A morte decidiu viver aqui
O México é sexto país do mundo em jornalistas assassinados: mais de cem desde 2000. E o estado de Veracruz, no Golfo do México, é o mais mortífero do país. Os jornalistas trabalham sob terror e muitos exilam-se, na cidade do México ou até nos Estados Unidos. Era o caso de Rúben Espinosa, fotojornalista de 31 anos que fugiu de Veracruz e se refugiou na capital. Cinco cadáveres foram encontrados no fim-de-semana, quatro mulheres e Espinosa. Escrevera há um mês: “É triste pensar em Veracruz, não há palavras para dizer quão mal vão esse estado, o governo, a imprensa, e quão bem vai a corrupção. A morte escolheu Veracruz, a morte decidiu viver aqui.”
Espinosa foi executado com um tiro na cabeça. Duas das mulheres tinham o rosto desfeito e todas terão sido violadas antes do “tiro de misericórdia”. Eram Nadia Vera, activista social e amiga de Espinosa, uma colombiana, uma empregada doméstica e uma esteticista. Pistas? Um vídeo de segurança mostra três homens a fugir do local na noite de sexta-feira. Motivos? Os jornais não sabem. Vingança contra Espinosa? O activismo de Vera? Roubo? Feminicídio?
Veracruz, onde imperam os narcotraficantes, é “uma luz vermelha para a liberdade de informação”. Mas — frisa um jornal mexicano — o pior significado de mais uma matança não é ter visado um jornalista mas pôr a nu a impotência do Estado. O México é uma democracia ameaçada.
“O México cheira a sangue” desde a guerra da independência (200 mil mortos), sintetiza o escritor mexicano Enrique Krauze. Houve depois a revolução (um milhão de mortos, na maioria de doença e fome). Hoje há a guerra do narcotráfico. “É uma complexa guerra civil, com fogos cruzados e alianças turvas e instáveis entre os grupos do crime organizado e do narcotráfico e entre estes e as forças do governo federal e dos estados.”
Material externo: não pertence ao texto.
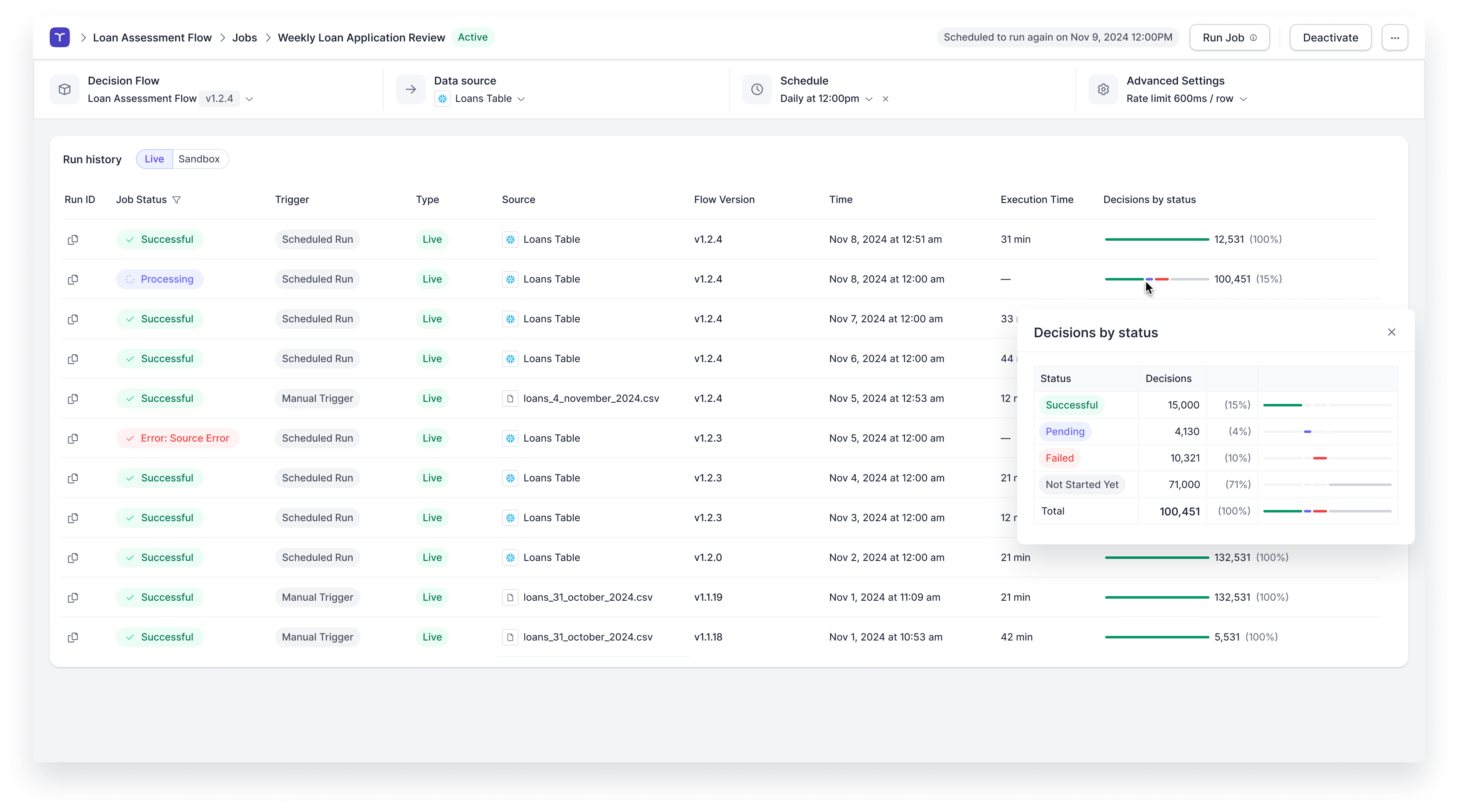 However, after customers are onboarded, it often becomes tougher for teams to use automation in the same way for activities like portfolio monitoring, where automated decisions are not triggered by a real-time API request. As a result, these “batch” decision tasks end up becoming complex processes that require a lot of technical time and resources to implement.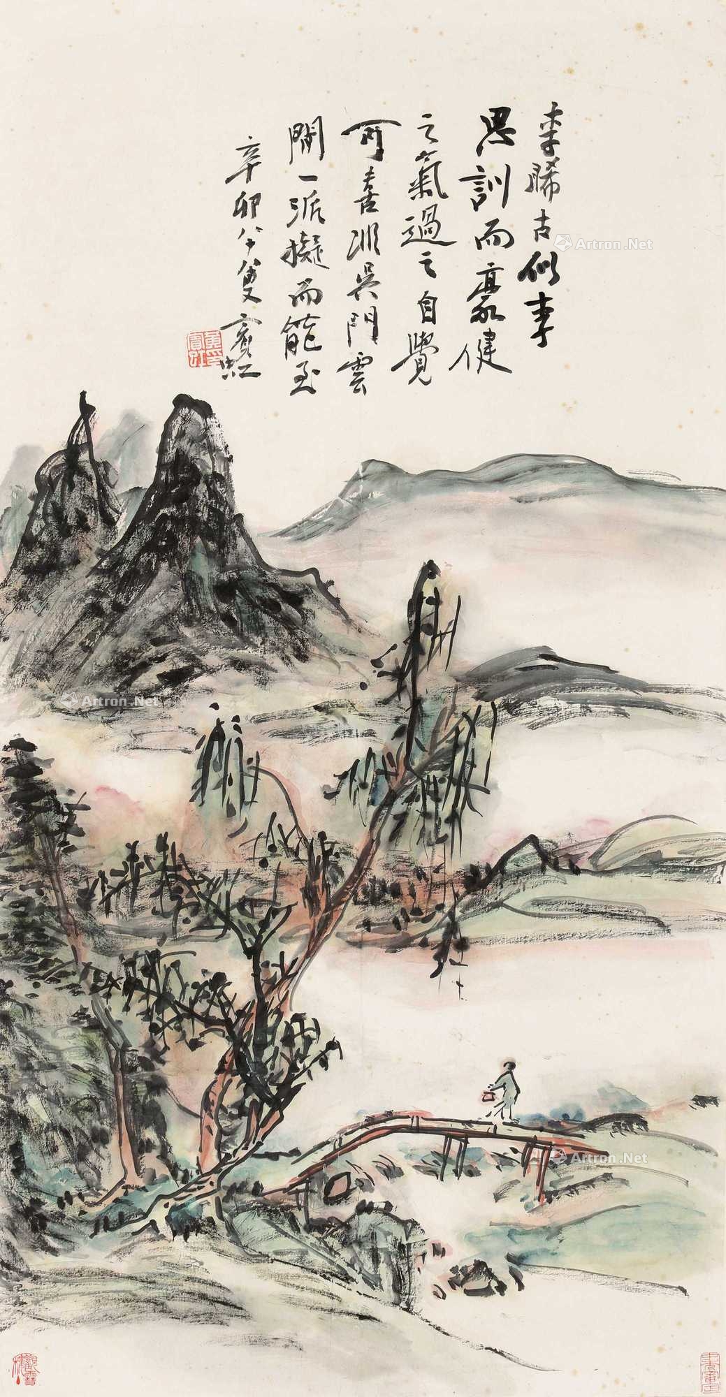 题识:李晞古似李思训而豪健之气过之,自觉可喜,非吴门云间一派拟而能至。辛卯八十八叟宾虹。

Sublinha: “O que mais surpreende é a omnipresença [da violência] e a crueldade. (...) Execuções, decapitações, mutilações, sequestros, extorsões, massacres colectivos. Dia após dia, no México, não no Afeganistão.”
A escritora Guadalupe Nettel evoca as solitárias praias da sua juventude, nos estados de Guerrero, Oaxaca ou Michoacán. “Para as gerações posteriores à minha, esses nomes já só significam terror, tortura e morte.” Acapulco, em Guerrero? Já não é o paraíso. “Tornou-se num porto controlado pelos cartéis, que num dia violam turistas e no outro deixam decapitados num salão de baile.”
Durante a semana houve manifestações em muitas cidades. Mas os mexicanos são fatalistas: “Os mortos de hoje tapam-nos os de amanhã. Não há uma má notícia que outra pior não faça esquecer.”